### Stored dataset items
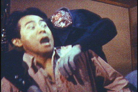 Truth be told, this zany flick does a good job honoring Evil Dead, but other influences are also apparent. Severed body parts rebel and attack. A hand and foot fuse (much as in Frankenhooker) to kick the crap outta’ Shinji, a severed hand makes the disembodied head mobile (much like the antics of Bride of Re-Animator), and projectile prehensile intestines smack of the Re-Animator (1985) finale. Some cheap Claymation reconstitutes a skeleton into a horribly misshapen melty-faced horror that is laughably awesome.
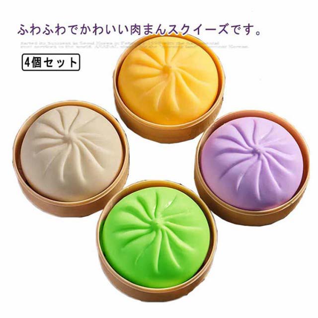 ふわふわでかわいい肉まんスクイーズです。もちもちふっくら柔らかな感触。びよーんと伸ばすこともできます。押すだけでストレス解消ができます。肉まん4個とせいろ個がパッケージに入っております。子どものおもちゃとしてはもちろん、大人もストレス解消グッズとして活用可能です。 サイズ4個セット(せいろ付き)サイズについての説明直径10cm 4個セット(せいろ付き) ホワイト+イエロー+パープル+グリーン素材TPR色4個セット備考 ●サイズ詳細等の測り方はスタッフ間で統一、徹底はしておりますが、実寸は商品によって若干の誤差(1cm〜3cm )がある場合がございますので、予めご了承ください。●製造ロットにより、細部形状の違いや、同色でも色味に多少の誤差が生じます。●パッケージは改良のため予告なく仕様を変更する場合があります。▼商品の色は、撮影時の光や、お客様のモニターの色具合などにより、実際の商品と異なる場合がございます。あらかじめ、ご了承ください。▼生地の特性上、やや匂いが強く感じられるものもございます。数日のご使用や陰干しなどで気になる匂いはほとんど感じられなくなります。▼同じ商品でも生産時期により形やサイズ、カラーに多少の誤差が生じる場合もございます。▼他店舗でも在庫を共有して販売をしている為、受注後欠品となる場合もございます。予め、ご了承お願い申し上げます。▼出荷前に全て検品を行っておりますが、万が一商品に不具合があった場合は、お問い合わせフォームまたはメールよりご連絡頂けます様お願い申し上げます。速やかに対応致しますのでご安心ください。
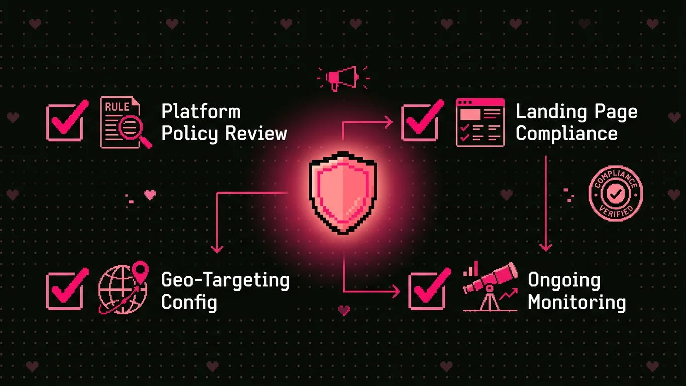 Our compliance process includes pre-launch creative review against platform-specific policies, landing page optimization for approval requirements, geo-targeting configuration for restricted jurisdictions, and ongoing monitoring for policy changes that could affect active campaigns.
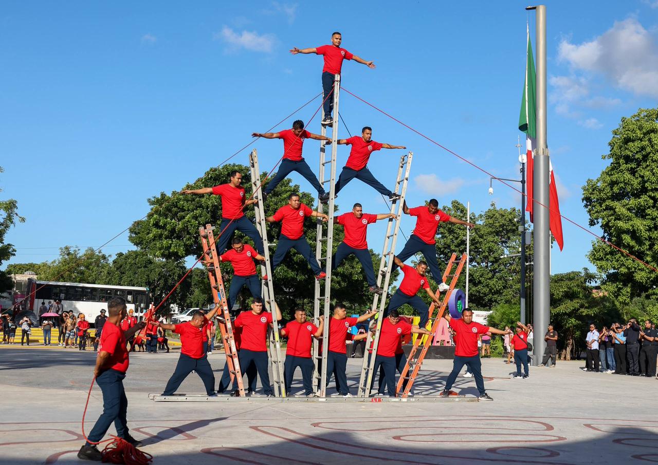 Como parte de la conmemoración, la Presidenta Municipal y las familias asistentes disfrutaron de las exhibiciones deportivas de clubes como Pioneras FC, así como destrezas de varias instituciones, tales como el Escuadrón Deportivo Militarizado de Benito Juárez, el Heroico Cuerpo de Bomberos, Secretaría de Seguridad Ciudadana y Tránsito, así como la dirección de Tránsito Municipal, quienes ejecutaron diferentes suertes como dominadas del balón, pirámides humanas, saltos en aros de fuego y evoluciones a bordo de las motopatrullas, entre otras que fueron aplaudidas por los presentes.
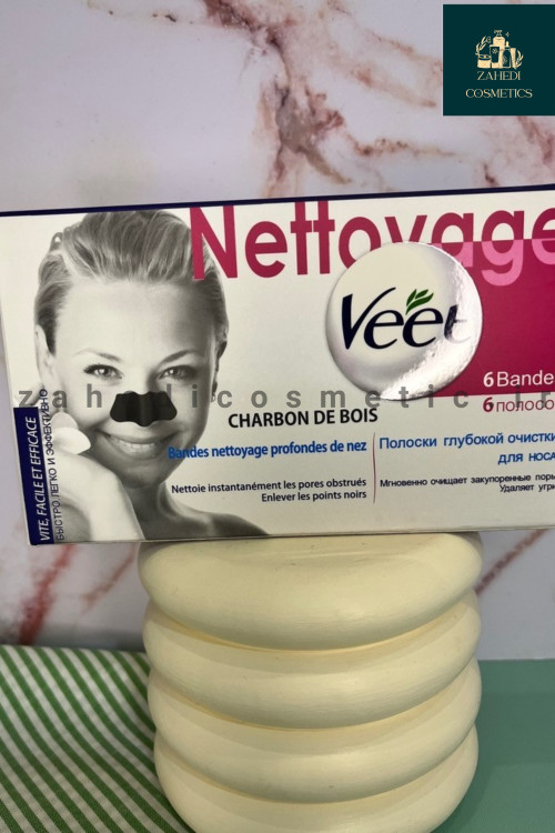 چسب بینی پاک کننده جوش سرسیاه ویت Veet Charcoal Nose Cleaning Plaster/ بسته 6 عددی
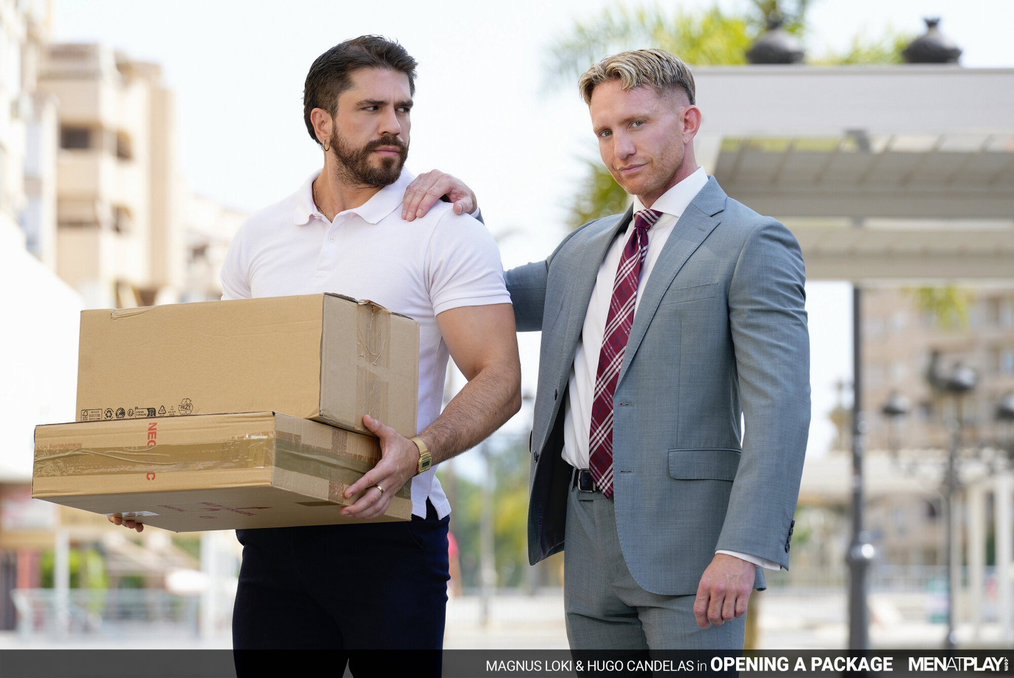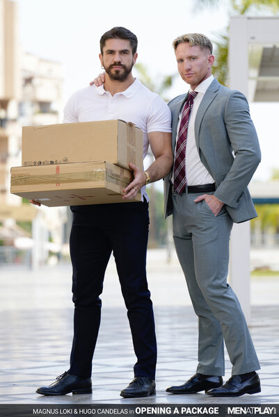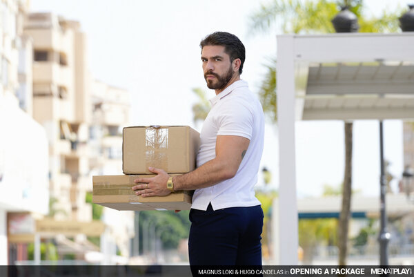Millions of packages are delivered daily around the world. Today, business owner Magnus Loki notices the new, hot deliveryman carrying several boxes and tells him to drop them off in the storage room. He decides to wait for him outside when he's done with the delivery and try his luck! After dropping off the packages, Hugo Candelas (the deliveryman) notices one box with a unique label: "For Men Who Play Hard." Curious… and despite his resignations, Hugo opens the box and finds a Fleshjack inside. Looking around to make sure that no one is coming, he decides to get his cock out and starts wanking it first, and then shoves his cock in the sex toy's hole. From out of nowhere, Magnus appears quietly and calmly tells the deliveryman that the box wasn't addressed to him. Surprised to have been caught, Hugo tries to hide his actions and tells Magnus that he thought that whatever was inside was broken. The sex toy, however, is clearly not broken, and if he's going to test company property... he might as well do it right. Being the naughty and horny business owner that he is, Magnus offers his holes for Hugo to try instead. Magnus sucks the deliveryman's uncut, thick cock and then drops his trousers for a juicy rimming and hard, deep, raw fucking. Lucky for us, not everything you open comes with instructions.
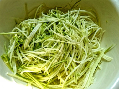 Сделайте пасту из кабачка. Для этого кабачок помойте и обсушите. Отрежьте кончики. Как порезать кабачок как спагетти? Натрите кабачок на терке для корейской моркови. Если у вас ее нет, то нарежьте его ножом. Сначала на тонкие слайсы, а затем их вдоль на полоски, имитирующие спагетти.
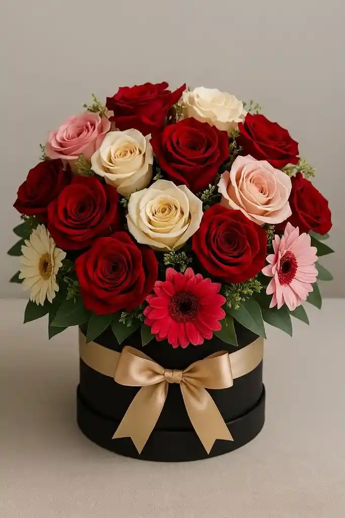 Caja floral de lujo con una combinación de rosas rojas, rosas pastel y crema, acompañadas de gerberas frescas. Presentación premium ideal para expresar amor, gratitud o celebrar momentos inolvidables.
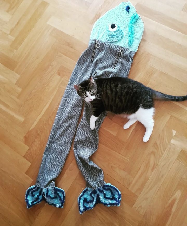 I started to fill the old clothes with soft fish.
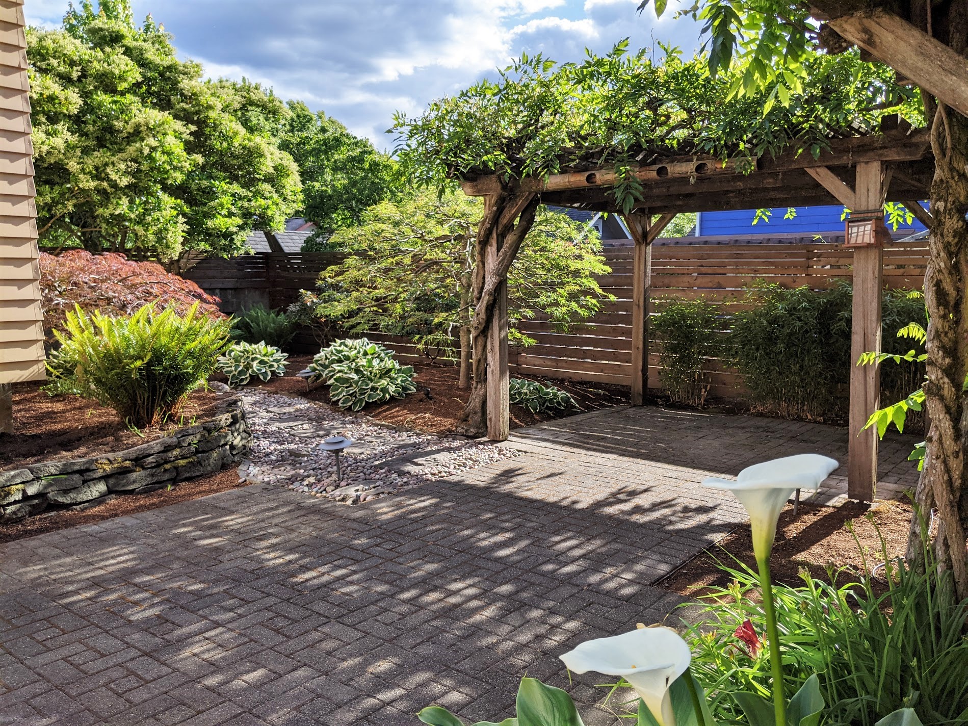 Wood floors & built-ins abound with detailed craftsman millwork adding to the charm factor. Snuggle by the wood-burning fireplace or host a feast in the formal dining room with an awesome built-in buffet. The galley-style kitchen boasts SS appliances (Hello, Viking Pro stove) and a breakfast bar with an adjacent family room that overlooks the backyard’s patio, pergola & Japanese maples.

### WHAT TO WORK ON
A word-for-word copy of all the data, without pictures, is the expected output.

### EXERCISE OUTPUT
 Truth be told, this zany flick does a good job honoring Evil Dead, but other influences are also apparent. Severed body parts rebel and attack. A hand and foot fuse (much as in Frankenhooker) to kick the crap outta’ Shinji, a severed hand makes the disembodied head mobile (much like the antics of Bride of Re-Animator), and projectile prehensile intestines smack of the Re-Animator (1985) finale. Some cheap Claymation reconstitutes a skeleton into a horribly misshapen melty-faced horror that is laughably awesome.
 ふわふわでかわいい肉まんスクイーズです。もちもちふっくら柔らかな感触。びよーんと伸ばすこともできます。押すだけでストレス解消ができます。肉まん4個とせいろ個がパッケージに入っております。子どものおもちゃとしてはもちろん、大人もストレス解消グッズとして活用可能です。 サイズ4個セット(せいろ付き)サイズについての説明直径10cm 4個セット(せいろ付き) ホワイト+イエロー+パープル+グリーン素材TPR色4個セット備考 ●サイズ詳細等の測り方はスタッフ間で統一、徹底はしておりますが、実寸は商品によって若干の誤差(1cm〜3cm )がある場合がございますので、予めご了承ください。●製造ロットにより、細部形状の違いや、同色でも色味に多少の誤差が生じます。●パッケージは改良のため予告なく仕様を変更する場合があります。▼商品の色は、撮影時の光や、お客様のモニターの色具合などにより、実際の商品と異なる場合がございます。あらかじめ、ご了承ください。▼生地の特性上、やや匂いが強く感じられるものもございます。数日のご使用や陰干しなどで気になる匂いはほとんど感じられなくなります。▼同じ商品でも生産時期により形やサイズ、カラーに多少の誤差が生じる場合もございます。▼他店舗でも在庫を共有して販売をしている為、受注後欠品となる場合もございます。予め、ご了承お願い申し上げます。▼出荷前に全て検品を行っておりますが、万が一商品に不具合があった場合は、お問い合わせフォームまたはメールよりご連絡頂けます様お願い申し上げます。速やかに対応致しますのでご安心ください。
 Our compliance process includes pre-launch creative review against platform-specific policies, landing page optimization for approval requirements, geo-targeting configuration for restricted jurisdictions, and ongoing monitoring for policy changes that could affect active campaigns.
 Como parte de la conmemoración, la Presidenta Municipal y las familias asistentes disfrutaron de las exhibiciones deportivas de clubes como Pioneras FC, así como destrezas de varias instituciones, tales como el Escuadrón Deportivo Militarizado de Benito Juárez, el Heroico Cuerpo de Bomberos, Secretaría de Seguridad Ciudadana y Tránsito, así como la dirección de Tránsito Municipal, quienes ejecutaron diferentes suertes como dominadas del balón, pirámides humanas, saltos en aros de fuego y evoluciones a bordo de las motopatrullas, entre otras que fueron aplaudidas por los presentes.
 چسب بینی پاک کننده جوش سرسیاه ویت Veet Charcoal Nose Cleaning Plaster/ بسته 6 عددی
Millions of packages are delivered daily around the world. Today, business owner Magnus Loki notices the new, hot deliveryman carrying several boxes and tells him to drop them off in the storage room. He decides to wait for him outside when he's done with the delivery and try his luck! After dropping off the packages, Hugo Candelas (the deliveryman) notices one box with a unique label: "For Men Who Play Hard." Curious… and despite his resignations, Hugo opens the box and finds a Fleshjack inside. Looking around to make sure that no one is coming, he decides to get his cock out and starts wanking it first, and then shoves his cock in the sex toy's hole. From out of nowhere, Magnus appears quietly and calmly tells the deliveryman that the box wasn't addressed to him. Surprised to have been caught, Hugo tries to hide his actions and tells Magnus that he thought that whatever was inside was broken. The sex toy, however, is clearly not broken, and if he's going to test company property... he might as well do it right. Being the naughty and horny business owner that he is, Magnus offers his holes for Hugo to try instead. Magnus sucks the deliveryman's uncut, thick cock and then drops his trousers for a juicy rimming and hard, deep, raw fucking. Lucky for us, not everything you open comes with instructions.
 Сделайте пасту из кабачка. Для этого кабачок помойте и обсушите. Отрежьте кончики. Как порезать кабачок как спагетти? Натрите кабачок на терке для корейской моркови. Если у вас ее нет, то нарежьте его ножом. Сначала на тонкие слайсы, а затем их вдоль на полоски, имитирующие спагетти.
 Caja floral de lujo con una combinación de rosas rojas, rosas pastel y crema, acompañadas de gerberas frescas. Presentación premium ideal para expresar amor, gratitud o celebrar momentos inolvidables.
 I started to fill the old clothes with soft fish.
 Wood floors & built-ins abound with detailed craftsman millwork adding to the charm factor. Snuggle by the wood-burning fireplace or host a feast in the formal dining room with an awesome built-in buffet. The galley-style kitchen boasts SS appliances (Hello, Viking Pro stove) and a breakfast bar with an adjacent family room that overlooks the backyard’s patio, pergola & Japanese maples.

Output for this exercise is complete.